Figure 1 presents a workflow of this study. This study included three independent datasets. The findings from the main dataset were replicated using two validation datasets. Sections from ‘Participants in the main dataset’ to ‘Image acquisition’ describe the main dataset’s technical details, and Section ‘Independent validation datasets’ presents the validation datasets. Sections ‘Image preprocessing’ to ‘Dynamic typicality of brain responses and emotional relevance’ depict image processing and statistical analyses.

Schematic representation of the primary analyses. (A) We calculated inter-subject correlation coefficients (ISCs) for the voxel time series of each two adolescents. We developed a mixed linear model to estimate the relationship between each ISC and the corresponding sum of the ages of the two adolescents. We validated the effect of age on ISC in independent validation datasets 1 and 2 and selected the reference group used for the normative model based on the age trend of ISC within the validated ROI. (B) We used the normative model to derive the response typicality of ROIs for each participant (<16.5 years) and tested the explanatory power, predictive power and goodness-of-fit for the response typicality of these ROIs for emotion regulation strategies and ToM. (C) Using sliding time-window analysis, we obtained dynamic typicality. Then, we assessed the association between the video stimuli’s emotional ratings (valence, arousal) and the dynamic typicality.
Fig. 1.

Schematic representation of the primary analyses. (A) We calculated inter-subject correlation coefficients (ISCs) for the voxel time series of each two adolescents. We developed a mixed linear model to estimate the relationship between each ISC and the corresponding sum of the ages of the two adolescents. We validated the effect of age on ISC in independent validation datasets 1 and 2 and selected the reference group used for the normative model based on the age trend of ISC within the validated ROI. (B) We used the normative model to derive the response typicality of ROIs for each participant (<16.5 years) and tested the explanatory power, predictive power and goodness-of-fit for the response typicality of these ROIs for emotion regulation strategies and ToM. (C) Using sliding time-window analysis, we obtained dynamic typicality. Then, we assessed the association between the video stimuli’s emotional ratings (valence, arousal) and the dynamic typicality.

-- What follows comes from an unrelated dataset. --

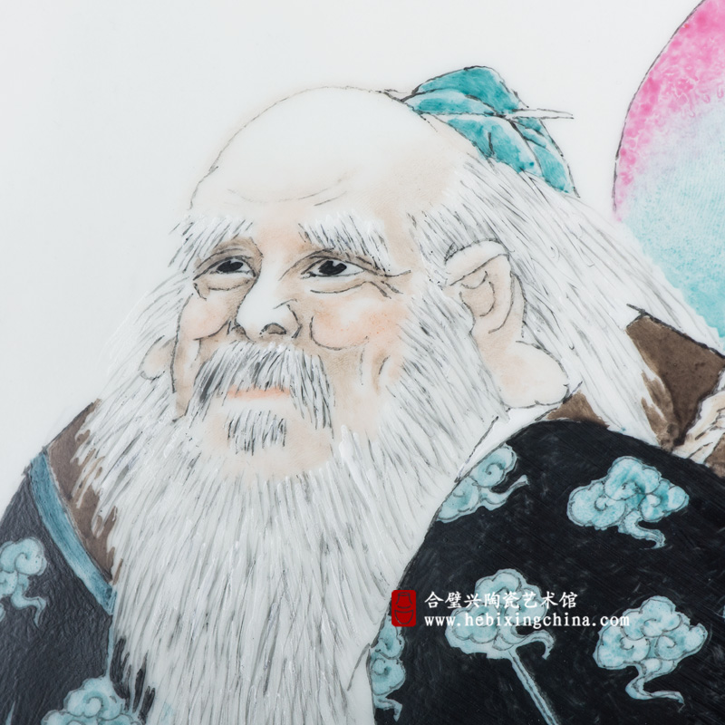 细腻温和的粉彩仿佛是为画面镀上了一层温暖的光泽,衬托出长者睿智的眼神和飘逸的须发。

Open in new tabDownload slide

Participants in the main dataset

The main dataset contained 110 healthy adolescents (aged 8.0–17.9 years) who completed brain scans. The participants and at least one of their primary caregivers were assessed separately with the child and parent versions of the Mini-International Neuropsychiatric Interview for Children and Adolescents (MINI Kid) to exclude participants’ past or present mental disorders. For those participants who were judged to have no mental disorder or have a suspected diagnosis in the MINI-Kid interview, a senior psychiatrist further interviewed the participants and their primary caregivers to exclude any of the DSM-5 diagnoses of mental disorders. The participants with organic brain disorders (such as brain tumors, traumatic brain injuries and neurodegenerative diseases), physical disabilities, severe visual or hearing impairments, a history of severe head trauma, substance and/or alcohol addiction or severe suicidal tendency were excluded. The Institutional Review Board (IRB) of the Shanghai Mental Health Center approved the study (2018–46), and all participants provided written informed consent.

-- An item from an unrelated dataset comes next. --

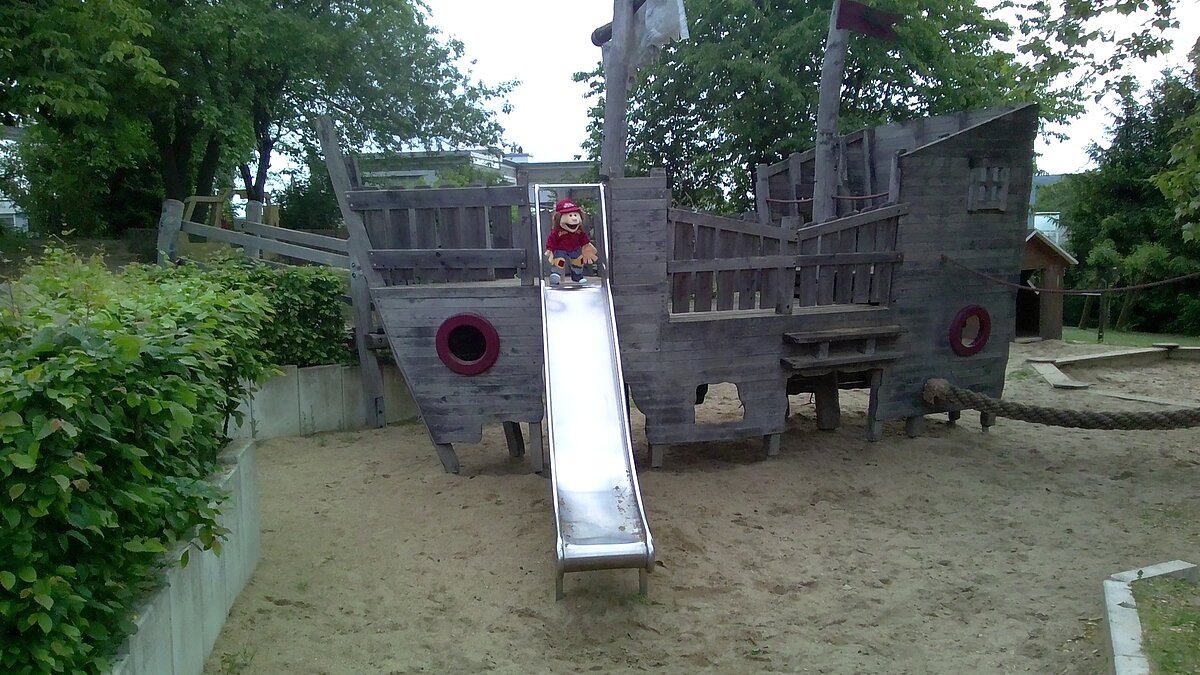 Unser großes Außengelände kommt dem zentralen kindlichen Bedürfnis nach Bewegung in vielfältiger Form entgegen. Die Kinder haben einerseits ausreichend Platz zum Bewegen, andererseits finden sie kleine ruhige Nischen für Rollenspiele, Erzählrunden, Verstecken, Matschen, Entdecken, Beobachten und Toben. Natur und ansprechende Spielgeräte, wie das große Piratenschiff ergänzen sich bei uns gegenseitig. Der Spielplatz verbindet verschiedene Spielräume miteinander, wo die Kinder sich bewegen, ihre Phantasie entwickeln können und verschiedene Sinne angesprochen werden. Die unterschiedlichen Bepflanzungen schaffen unterschiedliche Spielatmosphären (z.B. Büsche zum Verstecken).

Emotion regulation strategies and cognitive measures

Ninety adolescents (50 females, mean age = 13.85 years) completed the Emotion Regulation Questionnaire (ERQ; Gross and John, 2003), which consists of two subscales: cognitive reappraisal (CR, Cronbach’s α = 0.79) and expressive suppression (ES, Cronbach’s α = 0.73). Higher scores on each subscale represent more frequent use of the corresponding strategy.

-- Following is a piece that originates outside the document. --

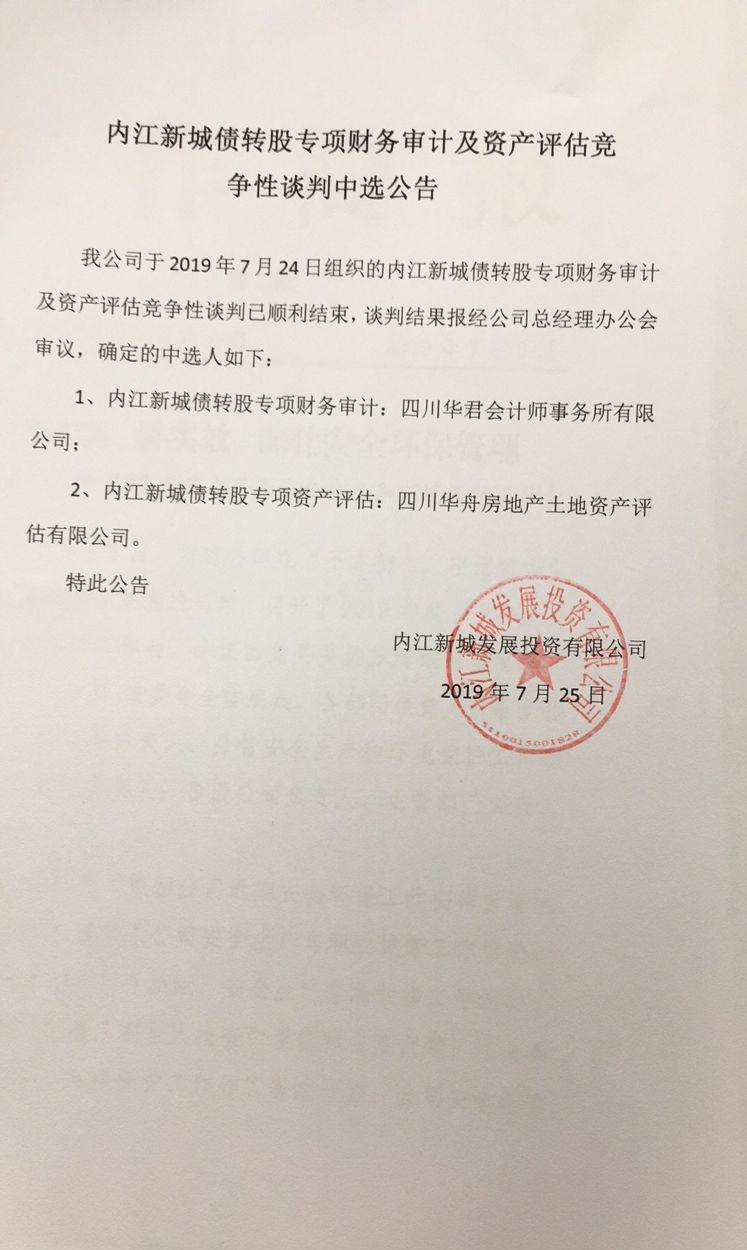內(nèi)江新城債轉(zhuǎn)股專項(xiàng)財(cái)務(wù)審計(jì)及資產(chǎn)評(píng)估競(jìng)爭(zhēng)談判中選公告

We measured attention and working memory functions by the N-back task and the attention network task (ANT) (Fan et al., 2002; Jaeggi et al., 2010). Fifty-six adolescents (30 females, mean age = 14.57 years) participated in both tasks. We used the reaction time (RT) of one-back and two-back conditions in the N-back task and the RT of altering, orienting and executive control components in ANT as measures of cognitive performance. Due to the high accuracy with tiny individual differences [mean accuracy (std): one-back = 0.95 (0.032), two-back = 0.905 (0.093), ANT = 0.977 (0.035)], the accuracy of N-back and ANT were not treated as performance measures. The RT of N-back and ANT were used to reflect individual variations in cognitive processes (working memory and attention capacity) (Koppen et al., 2011; Forns et al., 2014).

Video stimuli

We made a 7ʹ50”-long visual-perceptive socio-emotional video by concatenating materials from four public-interest advertisements and a segment of the cartoon ‘inside-out’. The material selection criteria were: evoking positive or negative emotions, understandable without sound and subtitles and representing engaging contexts. The video presents social interactions with parents and peers that activate perspective-taking and ToM functions. Adverse events such as war and the harshness of life in the video can induce strong negative emotions, which also involve emotional regulation. Further, the video depicts social challenges that adolescents frequently encounter, such as adjusting to a new environment and integrating into peer groups. Overall, these themes elicited intense emotional and social experiences and reflections in children and adolescents, stimulating rich socio-emotional functioning. More information regarding the video contents is presented in Supplementary Table S1. The audio track and subtitles of the video were removed, considering the influence of language on participants’ understandings and potential interference in speech processing (Hasson et al., 2008; Honey et al., 2012).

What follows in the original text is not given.